Through her research, Ana Maria got answers to many of her questions about what happened after that bus ride, questions she had wanted to ask her father but couldn’t because he had died when she was eleven years old. She also learned a part of U.S. history in much more depth and much more personally than she’d ever understood. As Ana Maria shared about that learning, she ministered to me.

“I had grown up with such a limited view of what happened during the civil rights movement,” she said. “I’m embarrassed to admit I had accepted that condensed version I’d been taught in school – the stories of Rosa Parks, Martin Luther King Jr., and the four young black children who had integrated an all-white school. What I learned is there were hundreds and hundreds of people who did courageous acts, large and small, to try to bring about justice.”

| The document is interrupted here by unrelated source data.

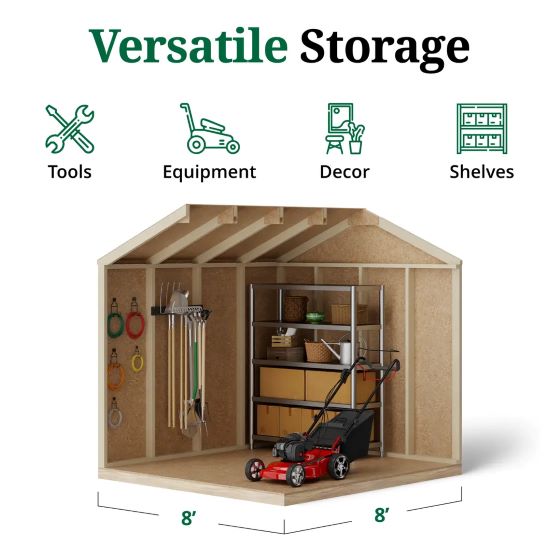 The shed includes pre-cut and labeled wood components for straightforward assembly, rust-resistant aluminum corner trim, and all necessary hardware. It also features pre-assembled double doors with metal latch and reinforced bracing for added security and longevity. Customize your shed with your preferred paint and roofing shingles (sold separately) to match your home or garden aesthetic. Proudly designed and manufactured in the USA, the Value Gable Shed is backed by a 50-year limited warranty on LP SmartSide siding delivering both beauty and peace of mind.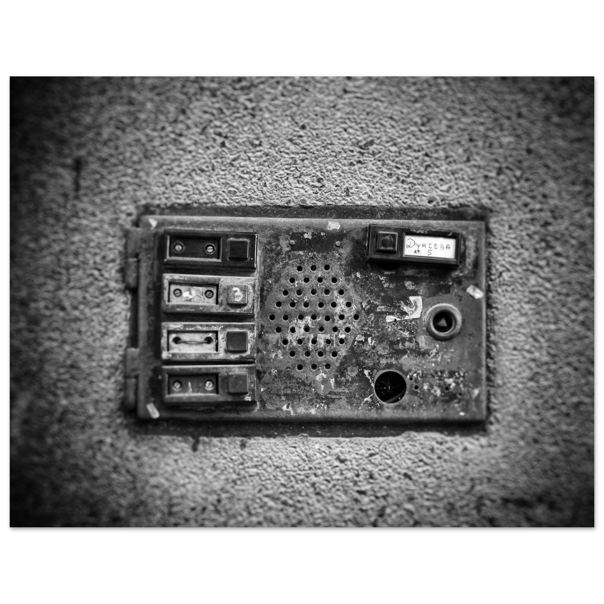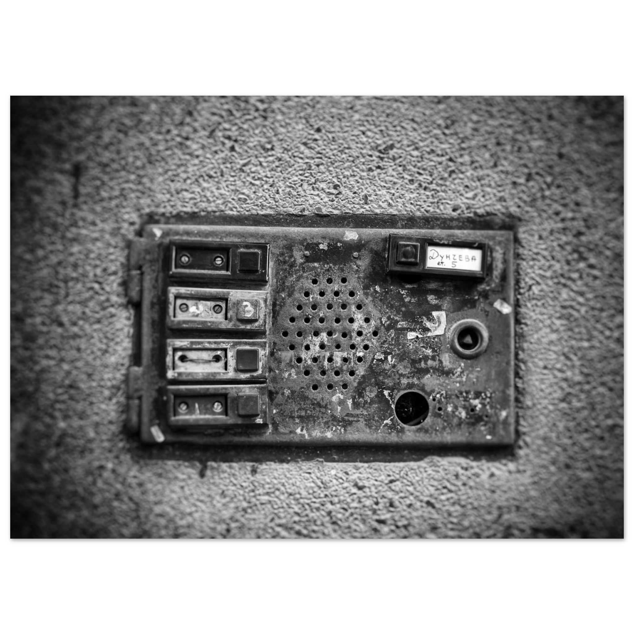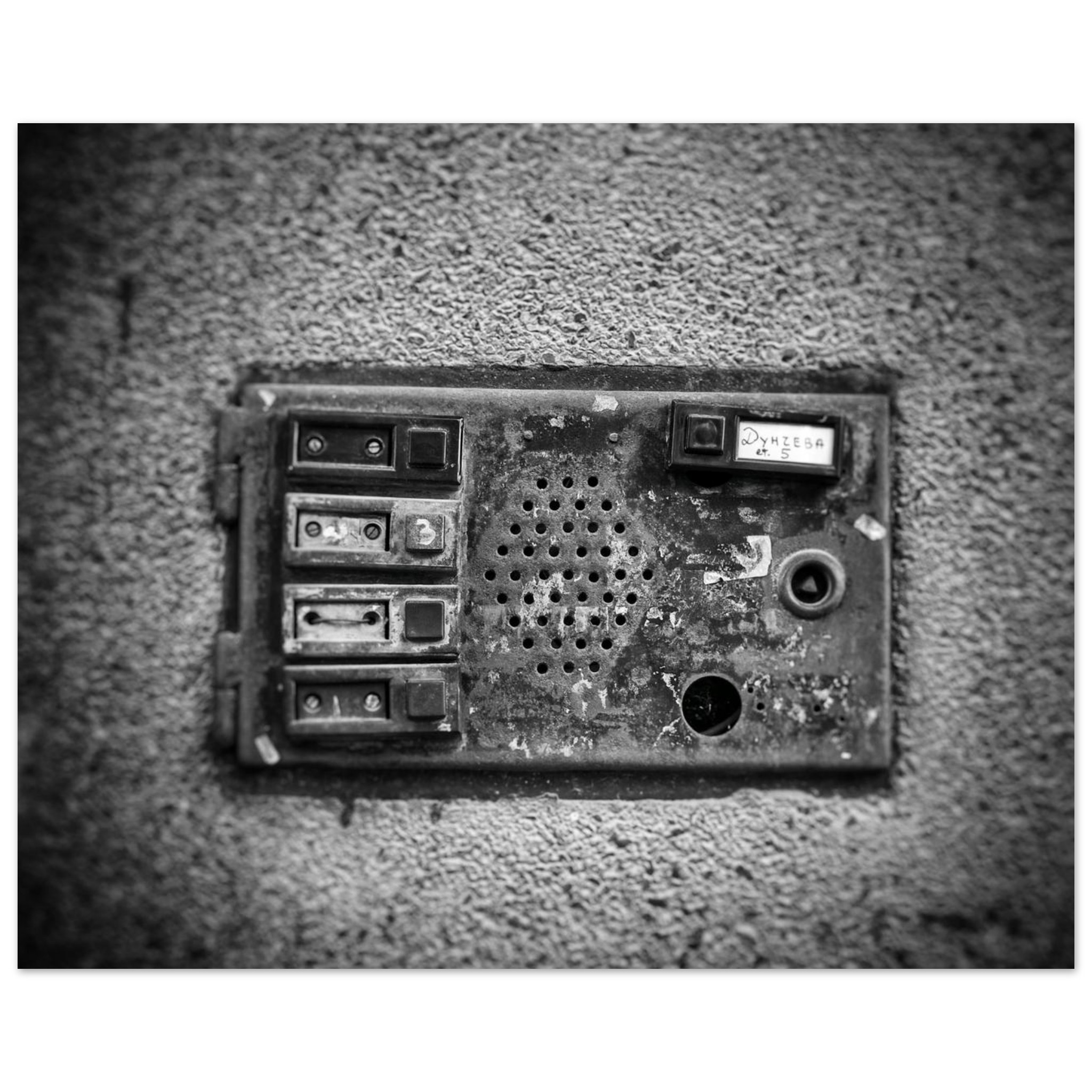 Step into a world of forgotten stories with this striking monochrome print featuring a vintage Bulgarian intercom. The raw, textured details and atmospheric black-and-white palette evoke a powerful sense of nostalgia and urban history, perfect for adding character to any space.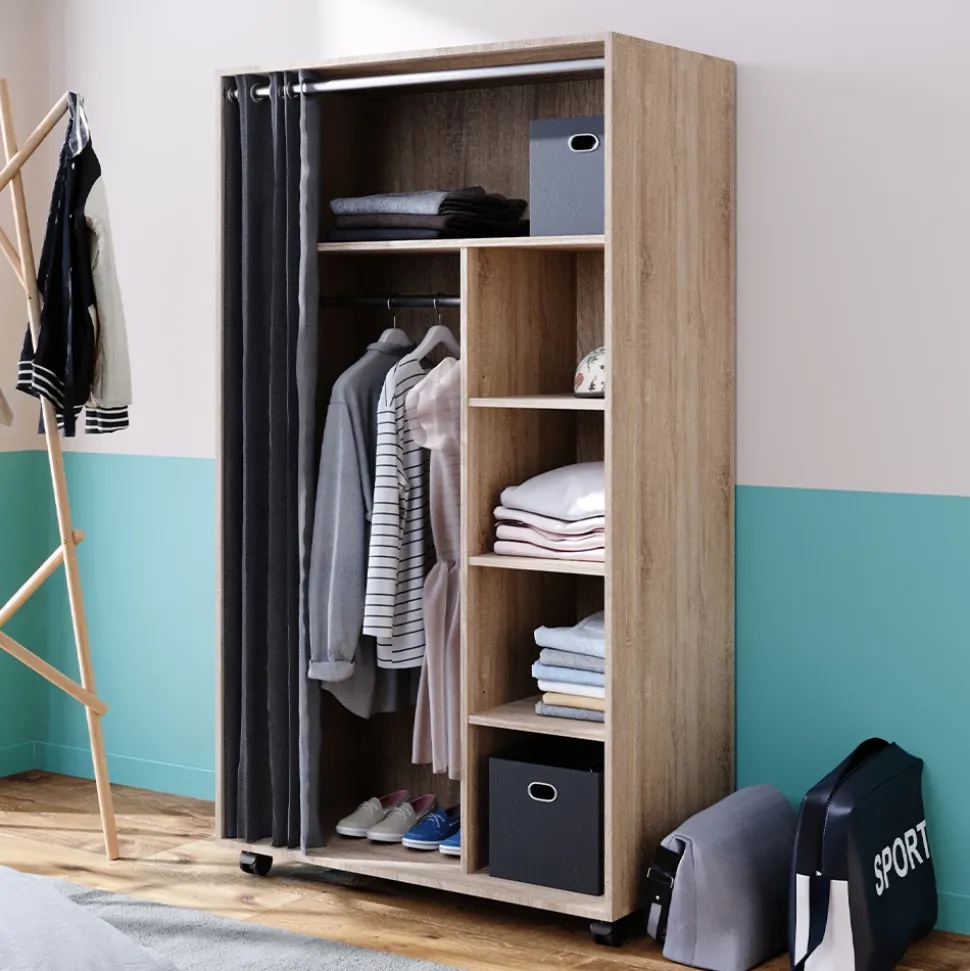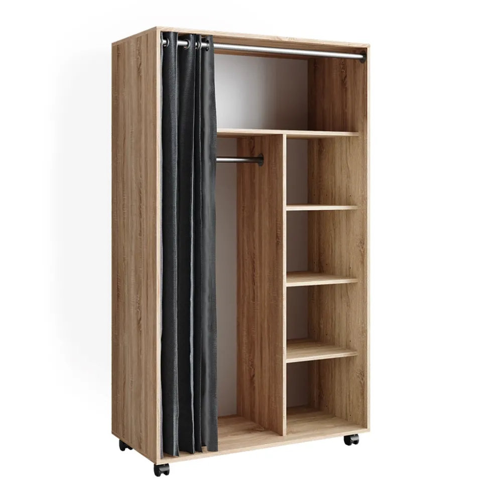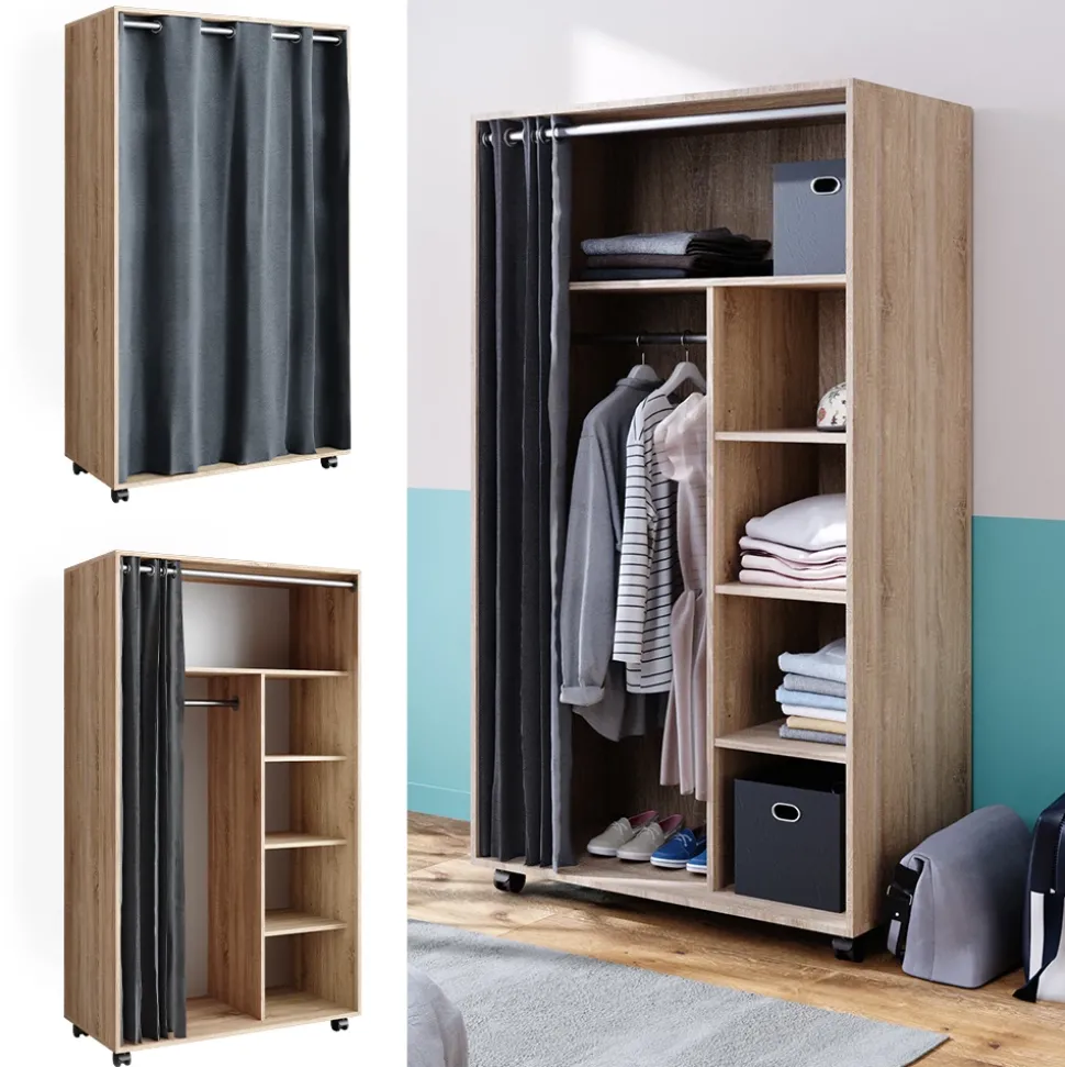 Egal ob Schlafzimmer, Kinderzimmer oder Flur – Doros lässt sich schnell und einfach an jeden beliebigen Ort rollen und bietet durch die diversen Fächer und der Kleiderstange viel Stauraum. Dank seines Vorhangs ermöglicht Ihnen der Schrank eine staubfreie und saubere Lagerung all Ihrer Kleidung. Möchten Sie Auflockerung und ein offenes Raumgefühl in Ihre vier Wände bringen, kann der Schrank auch ohne Vorhang aufgestellt werden.

Hundreds and hundreds of people doing small, courageous acts to bring about justice. I’m just as guilty as Ana Maria of looking at only the well known, headline-making actions of people working for peace and justice—and holding myself to that standard. While it’s true that change usually requires that some people take action that gets lots of attention and demands huge sacrifice, sometimes even loss of life, I’m grateful for the reminder from Ana Maria’s story about the importance of the small things many of us do every day. I’m open (most of the time) to the possibility that someday I’ll be called to act in a big way, and I pray I’ll have the courage to follow such a leading. There really are so many examples, though, so many stories, of the small, courageous actions within our families, our communities, and our own hearts that contribute to peace and justice. Ana Maria learned about many of them that never made it into any history books or newspaper headlines. I’m grateful she had the courage to share some of them through her writing. They support me to put my energy into remaining faithful to the opportunities the Spirit provides me and trusting that those small actions, combined with others, will make a difference.

~ ~ ~ ~ ~

An update on my experiment with blogging. I spent more time than I would have liked this morning figuring out how to include the image of the cover of Test Ride in this post, but that’s part of the learning of a new skill. I’m discovering some unexpected ways this medium connects me to other people. For example, a couple of the people who have commented on my posts have included information about their own or others’ blogs. When those links appear in their posts or profiles, it’s easy for me to click on them and encounter some people and ideas I hadn’t known about before.

Having set a goal to post every week is supporting me to focus my journaling and meditation time and going deeper into some of the ideas that surface. I’m also getting practice at disciplining myself to use this tool for that deepening rather than as a way to avoid it by getting diverted to other sites.

1 comment:

  1. I admire and appreciate your comment that "I’m open (most of the time) to the possibility that someday I’ll be called to act in a big way, and I pray I’ll have the courage to follow such a leading." I think it's important to remember that famously successful activists typically spend years doing the hard work of personal and community organizing before it pays off. For example, "at the time of her action, Rosa Parks was secretary of the Montgomery chapter of the National Association for the Advancement of Colored People (NAACP) and had recently attended the Highlander Folk School, a Tennessee center for workers' rights and racial equality." (http://en.wikipedia.org/wiki/Rosa_Parks) Nor was she the first to refuse to give up her seat on the bus for a white person. As current events in northern Africa and the mid-East demonstrate, you can't predict which action, spontaneous or not, will be a spark to revolution.